Judge awards female army captain €800k in equality case
A female army captain excluded from a promotions process for the position of commandant due to being on maternity leave has been awarded €824,794 damages by a High Court judge.
Mr Justice Robert Eagar, who previously held Captain Diane Byrne's exclusion was in breach of equality implementation requirements of a European Directive, this week assessed damages against the Minister for Defence and State in that sum.
It must have been reasonably foreseeable Ms Byrne would leave the Defence Forces as a result of this discrimination and she was entitled to the damages for loss of earnings, he said.
Her total loss, including pension loss, was calculated at €412,397 and the judge doubled that sum to take into account the award would be taxable, giving a total €824,794.
Ms Byrne, who was nine years in the Defence Forces, has since taken up employment as an engineer with Bord Gáis.
In his judgment on her case last year, Mr Justice Eagar said the exclusion from promotion of Ms Byrne, who before going on maternity leave in late 2012 was second in command of an Air Corps support wing in Baldonnel, was "not impressive".
Four male captains in her cohort were promoted in August 2013, unknown to her when she was on additional unpaid maternity leave.
Also without her knowledge, she was transferred in late 2012 from Baldonnel to Cathal Brugha Barracks, he noted.
He declared Ms Byrne qualified for promotion to commandant in May 2013 and was entitled to damages for loss of earnings from that date.
He also declared, in the treatment of Ms Byrne, the Minister for Defence and State acted in breach of provisions of Directive 2006/54/EC on the implementation of the principle of equal opportunities and equal treatment of men and women in matters of employment.
Ms Byrne (39), is a qualified mechanical engineer who completed a Masters of Environmental Science in 2010.
In May 2001, she was the fourth senior member of a group of seven officers commissioned as an Engineer Officer of the Defence Forces to the rank of lieutenant.
She claimed her contract of appointment was subject to Defence Force Regulation A15 (DFRA15), and expressly included certain conditions, including fixed-period promotion.
Under DFRA15, she was entitled to, and was, promoted with her male colleagues to captain in 2004.
She claimed she was entitled to be promoted to commandant in May 2013, having satisfactorily completed nine years service in the rank of captain by then, plus various courses.
While four of her male colleagues were called before an interview board and promoted in August 2013 (while she was on maternity leave), she was not told of the interview process and unaware they were being promoted.
She also claimed she was wrongly treated during her maternity leave and throughout her pregnancy was subjected to undue stress, resulting in being placed by her doctor on sick leave on several occasions.
In opposing her action, the respondents claimed she was assessed by the Commissioned Officers of Management Office (COMO) and deemed ineligible for promotion to commandant because she had not completed certain courses.

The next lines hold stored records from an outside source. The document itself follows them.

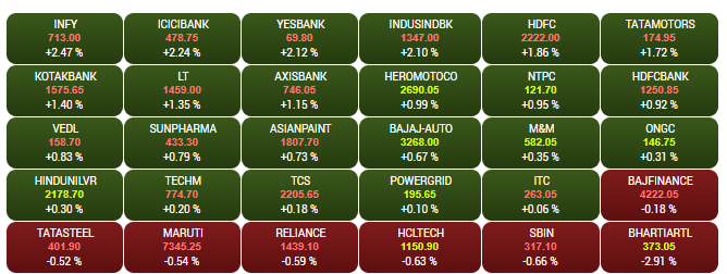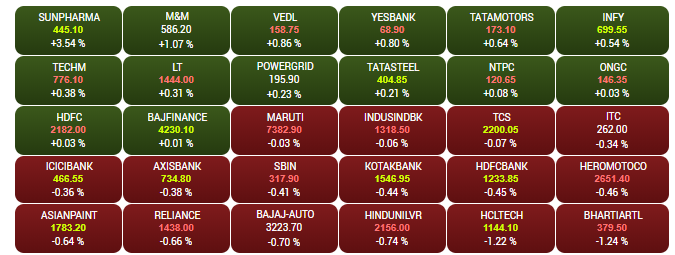 The headline indices opened lower on Wednesday morning, despite the Modi government's infra push. The Sensex was down about 100 points to 40,153, while the Nifty was trading near the 11,900-mark. HCL, Tech, Bharti Airtel shares were among the top losers, shedding up to 1.5%. FM Nirmala Sitharaman said that the Narendra Modi-led government is eager to modify rules and boost investment in the infrastructure space. A look at LIVE Sensex heatmap.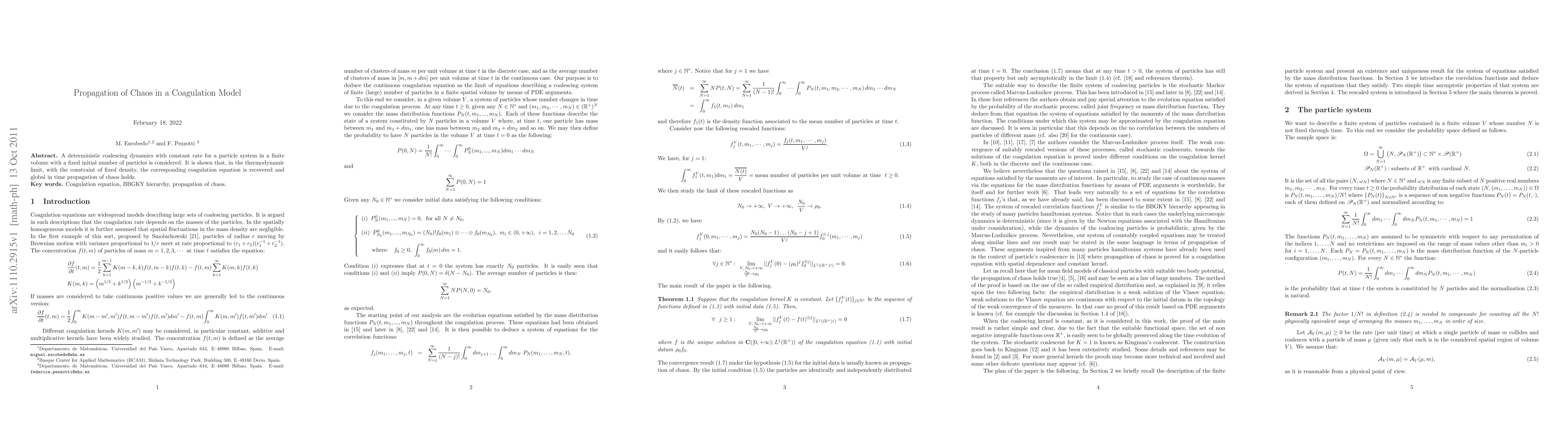 A deterministic coalescing dynamics with constant rate for a particle system in a finite volume with a fixed initial number of particles is considered. It is shown that, in the thermodynamic limit, with the constraint of fixed density, the corresponding coagulation equation is recovered and global in time propagation of chaos holds.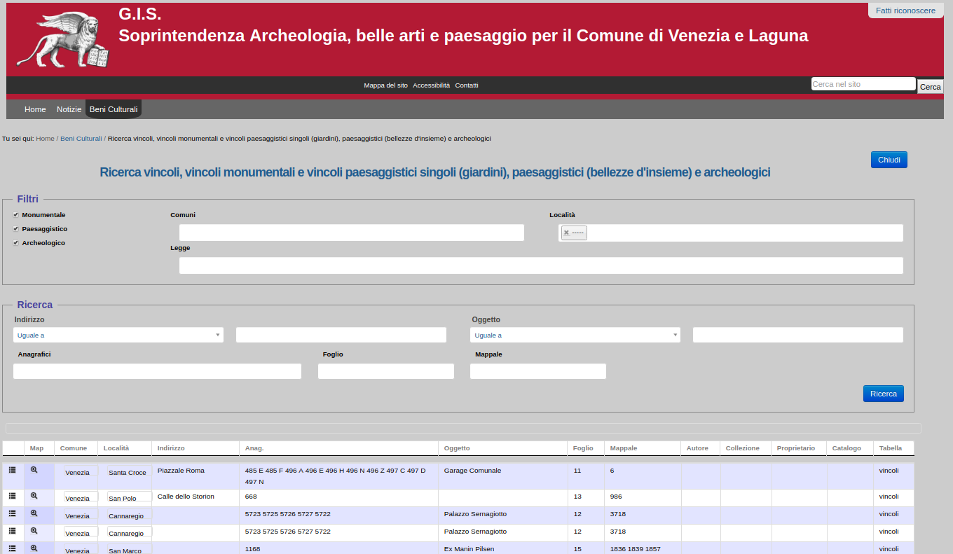 SIT della Soprintendenza BAP di Venezia e Laguna

The judge noted Ms Byrne argued the courses relied on by the respondents were not essential to her duties as an engineer officer.
The respondents, he ruled, failed to comply with the regulations and their contractual and statutory duties in the treatment of Ms Byrne.
She was not informed of the convening of any board assessing suitability of officers for promotion and given no opportunity to put her case before the chief of staff.
There was also no legislative basis for the chief of staff's delegation of his role concerning promotions to the COMO.
The failure to inform Ms Byrne of the convening of the board amounted to unfavourable treatment under the "return from maternity leave" provisions of the 2006 Directive, intended to ensure implementation of the principle of equal opportunities and equal treatment of men and women in matters of employment.